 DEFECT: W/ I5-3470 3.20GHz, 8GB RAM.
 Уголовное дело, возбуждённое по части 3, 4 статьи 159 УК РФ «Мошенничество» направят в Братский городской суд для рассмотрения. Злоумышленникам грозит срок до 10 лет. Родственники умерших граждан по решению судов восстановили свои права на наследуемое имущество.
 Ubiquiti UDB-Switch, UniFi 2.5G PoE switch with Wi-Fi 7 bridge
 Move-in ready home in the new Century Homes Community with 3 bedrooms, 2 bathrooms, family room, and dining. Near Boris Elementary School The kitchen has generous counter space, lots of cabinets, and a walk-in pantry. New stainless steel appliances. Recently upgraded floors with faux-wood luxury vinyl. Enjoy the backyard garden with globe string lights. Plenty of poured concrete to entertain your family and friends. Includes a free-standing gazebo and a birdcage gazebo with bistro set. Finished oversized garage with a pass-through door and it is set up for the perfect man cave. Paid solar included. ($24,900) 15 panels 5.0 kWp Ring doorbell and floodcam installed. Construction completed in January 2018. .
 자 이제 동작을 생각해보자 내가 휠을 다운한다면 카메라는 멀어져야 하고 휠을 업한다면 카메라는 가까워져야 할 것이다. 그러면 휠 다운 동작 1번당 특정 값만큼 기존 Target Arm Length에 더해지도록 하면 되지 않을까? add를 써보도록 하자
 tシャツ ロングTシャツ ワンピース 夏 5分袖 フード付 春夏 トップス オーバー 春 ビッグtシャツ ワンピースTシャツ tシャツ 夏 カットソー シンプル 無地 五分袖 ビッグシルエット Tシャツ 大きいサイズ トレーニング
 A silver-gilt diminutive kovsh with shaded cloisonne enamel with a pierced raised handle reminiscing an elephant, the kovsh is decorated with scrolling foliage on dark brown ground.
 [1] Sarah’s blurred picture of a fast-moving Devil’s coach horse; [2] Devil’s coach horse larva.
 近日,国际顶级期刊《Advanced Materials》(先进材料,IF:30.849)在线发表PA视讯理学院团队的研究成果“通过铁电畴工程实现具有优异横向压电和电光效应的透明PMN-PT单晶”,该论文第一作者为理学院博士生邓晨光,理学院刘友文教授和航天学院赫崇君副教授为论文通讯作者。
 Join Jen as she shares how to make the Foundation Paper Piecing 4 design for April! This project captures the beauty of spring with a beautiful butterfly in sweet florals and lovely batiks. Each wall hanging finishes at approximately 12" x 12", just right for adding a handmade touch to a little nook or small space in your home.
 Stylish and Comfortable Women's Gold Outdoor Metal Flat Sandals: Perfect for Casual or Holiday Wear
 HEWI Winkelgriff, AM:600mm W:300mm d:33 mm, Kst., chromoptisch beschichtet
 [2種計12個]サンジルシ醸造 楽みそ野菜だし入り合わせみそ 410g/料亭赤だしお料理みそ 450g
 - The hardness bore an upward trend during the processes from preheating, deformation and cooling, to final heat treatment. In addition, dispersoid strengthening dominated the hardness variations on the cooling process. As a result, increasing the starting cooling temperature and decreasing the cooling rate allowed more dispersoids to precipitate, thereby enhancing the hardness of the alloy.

****************************************

## ASSIGNMENT
All lines above from the one holding "Уголовное дело, возбуждённое" to the one holding "Stylish and Comfortable", inclusive, are to be copied exactly; no other line is wanted.

## EXERCISE ANSWER
 Уголовное дело, возбуждённое по части 3, 4 статьи 159 УК РФ «Мошенничество» направят в Братский городской суд для рассмотрения. Злоумышленникам грозит срок до 10 лет. Родственники умерших граждан по решению судов восстановили свои права на наследуемое имущество.
 Ubiquiti UDB-Switch, UniFi 2.5G PoE switch with Wi-Fi 7 bridge
 Move-in ready home in the new Century Homes Community with 3 bedrooms, 2 bathrooms, family room, and dining. Near Boris Elementary School The kitchen has generous counter space, lots of cabinets, and a walk-in pantry. New stainless steel appliances. Recently upgraded floors with faux-wood luxury vinyl. Enjoy the backyard garden with globe string lights. Plenty of poured concrete to entertain your family and friends. Includes a free-standing gazebo and a birdcage gazebo with bistro set. Finished oversized garage with a pass-through door and it is set up for the perfect man cave. Paid solar included. ($24,900) 15 panels 5.0 kWp Ring doorbell and floodcam installed. Construction completed in January 2018. .
 자 이제 동작을 생각해보자 내가 휠을 다운한다면 카메라는 멀어져야 하고 휠을 업한다면 카메라는 가까워져야 할 것이다. 그러면 휠 다운 동작 1번당 특정 값만큼 기존 Target Arm Length에 더해지도록 하면 되지 않을까? add를 써보도록 하자
 tシャツ ロングTシャツ ワンピース 夏 5分袖 フード付 春夏 トップス オーバー 春 ビッグtシャツ ワンピースTシャツ tシャツ 夏 カットソー シンプル 無地 五分袖 ビッグシルエット Tシャツ 大きいサイズ トレーニング
 A silver-gilt diminutive kovsh with shaded cloisonne enamel with a pierced raised handle reminiscing an elephant, the kovsh is decorated with scrolling foliage on dark brown ground.
 [1] Sarah’s blurred picture of a fast-moving Devil’s coach horse; [2] Devil’s coach horse larva.
 近日,国际顶级期刊《Advanced Materials》(先进材料,IF:30.849)在线发表PA视讯理学院团队的研究成果“通过铁电畴工程实现具有优异横向压电和电光效应的透明PMN-PT单晶”,该论文第一作者为理学院博士生邓晨光,理学院刘友文教授和航天学院赫崇君副教授为论文通讯作者。
 Join Jen as she shares how to make the Foundation Paper Piecing 4 design for April! This project captures the beauty of spring with a beautiful butterfly in sweet florals and lovely batiks. Each wall hanging finishes at approximately 12" x 12", just right for adding a handmade touch to a little nook or small space in your home.
 Stylish and Comfortable Women's Gold Outdoor Metal Flat Sandals: Perfect for Casual or Holiday Wear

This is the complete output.